Items from a data source:
[Start of section]

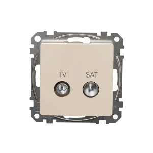 Gniazdo TV/SAT końcowe (4dB), beżowy, to osprzęt serii Sedna Design & Elements marki Schneider Electric. Gniazdo TV/SAT końcowe (4dB) ma lśniące wykończenie powierzchni w kolorze beżowym i posiada następujące wymiary: szerokość 73 mm, wysokość 73 mm, głębokość 34 mm, gł ębokość wystawania 17.4 mm. Gniazdo charakteryzuje się stopniem ochrony IP20. Do produkcji gniazda wykorzystano tworzywo termoplastyczne o zwiększonej odporności na promieniowanie UV. Produkt jest montowany podtynkowo. Uwaga: produkty Sedna Design & Elements nie są komp atybilne z serią Sedna!
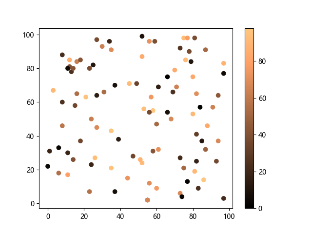 # 这三行代码使编译器能够绘图: import sys import matplotlib matplotlib.use('Agg') import matplotlib.pyplot as plt import numpy as np # 生成随机数据 x = np.random.randint(100, size=(100)) y = np.random.randint(100, size=(100)) colors = np.random.randint(100, size=(100)) # 使用 copper 配色方案绘制铜色渐变色散点图: plt.scatter(x, y, c=colors, cmap='copper') plt.colorbar() plt.show() # 这两行代码使编译器能够输出图形: plt.savefig(sys.stdout.buffer) sys.stdout.flush()
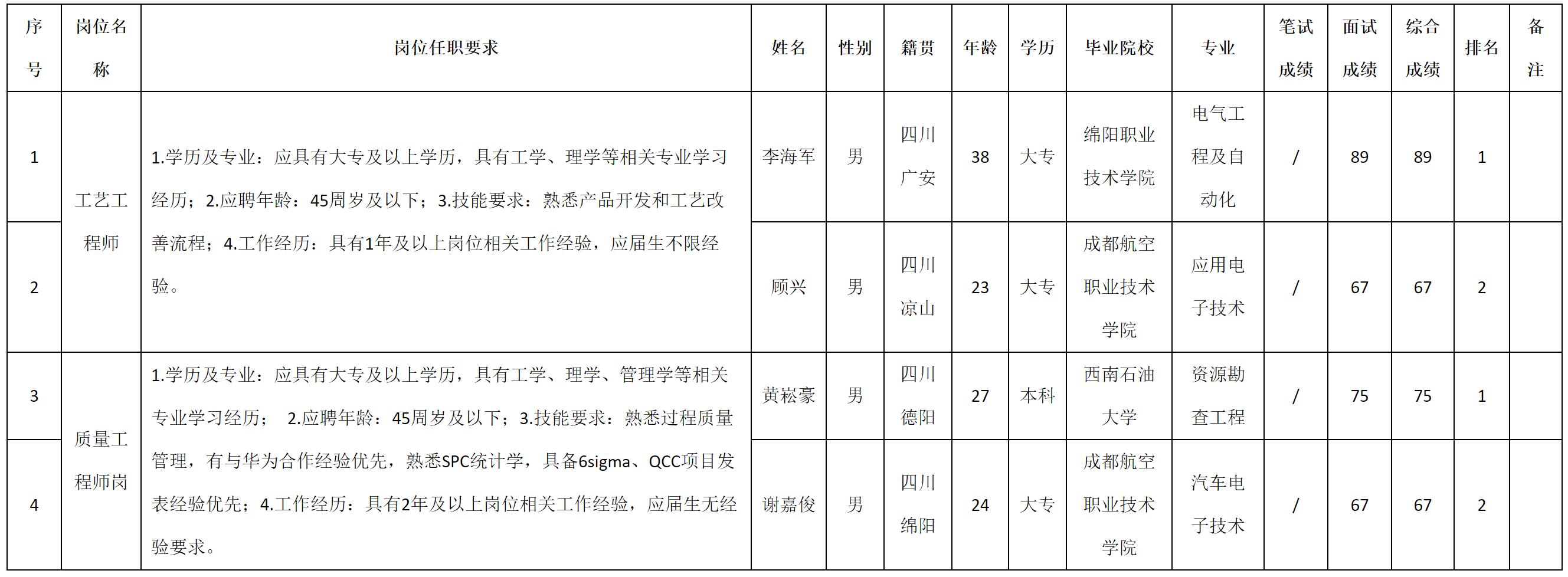 根據(jù)四川九華光子通信技術(shù)有限公司發(fā)布的招聘公告及招聘相關(guān)規(guī)定,現(xiàn)將測試成績予以公示。
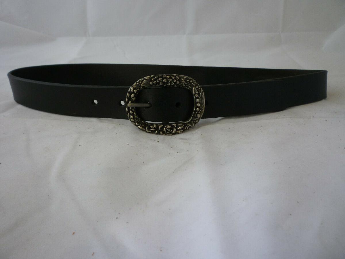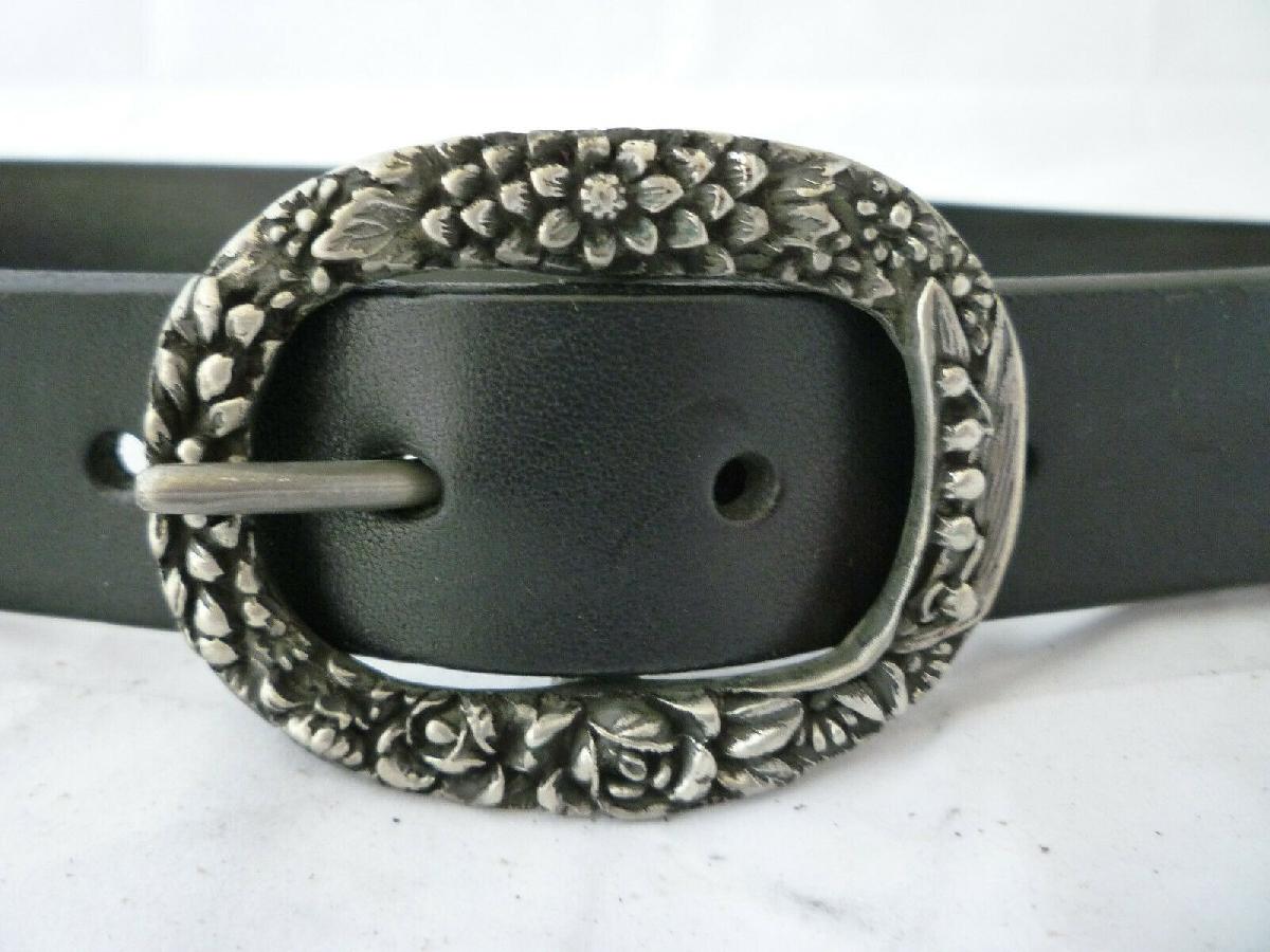 REGENT BELT COMPANY BLACK LEATHER BELT FLORAL BUCKLE UK MADE - NEW - 28 [ENDED]
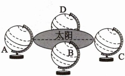 (2)随着地球仪的移动,太阳直射点不断发生变化。当地球移动到图中 A 位置时,北半球处于什么节气?此时,太阳直射哪条纬线?
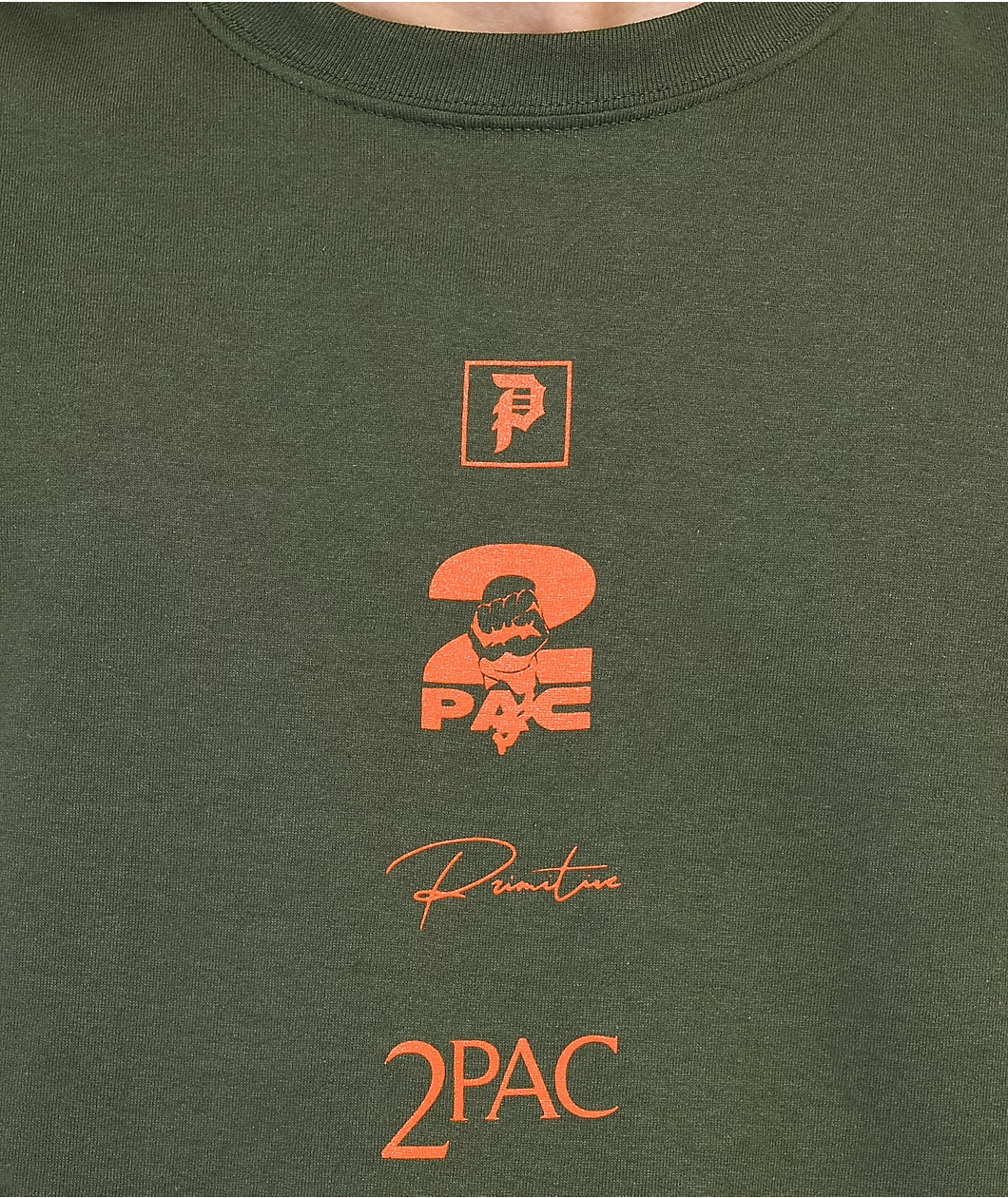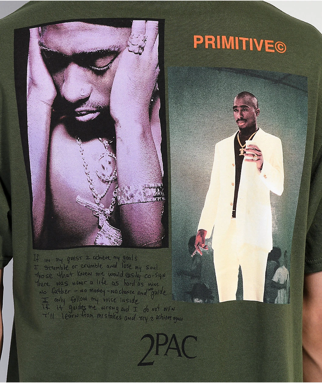 From the Primitive Skateboards and Tupac collab comes the Voice short sleeve t-shirt. This Primitive shirt comes in an army green colorway with screen-printed collaborative logos on the front and, on the back, images of Tupac and the lyrics to “If I Fail.”

[End of section]

_INSTRUCTIONS FOR THE TASK_: Exercise for the records above: copy only the lines from the one with "REGENT BELT COMPANY" to the one with "(2)随着地球仪的移动,太阳直射点不断发生变化。当地球移动到图中 A 位置时,北半球处于什么节气?此时,太阳直射哪条纬线?", both ends kept, and drop the pictures.

_RESULT_:
 REGENT BELT COMPANY BLACK LEATHER BELT FLORAL BUCKLE UK MADE - NEW - 28 [ENDED]
 (2)随着地球仪的移动,太阳直射点不断发生变化。当地球移动到图中 A 位置时,北半球处于什么节气?此时,太阳直射哪条纬线?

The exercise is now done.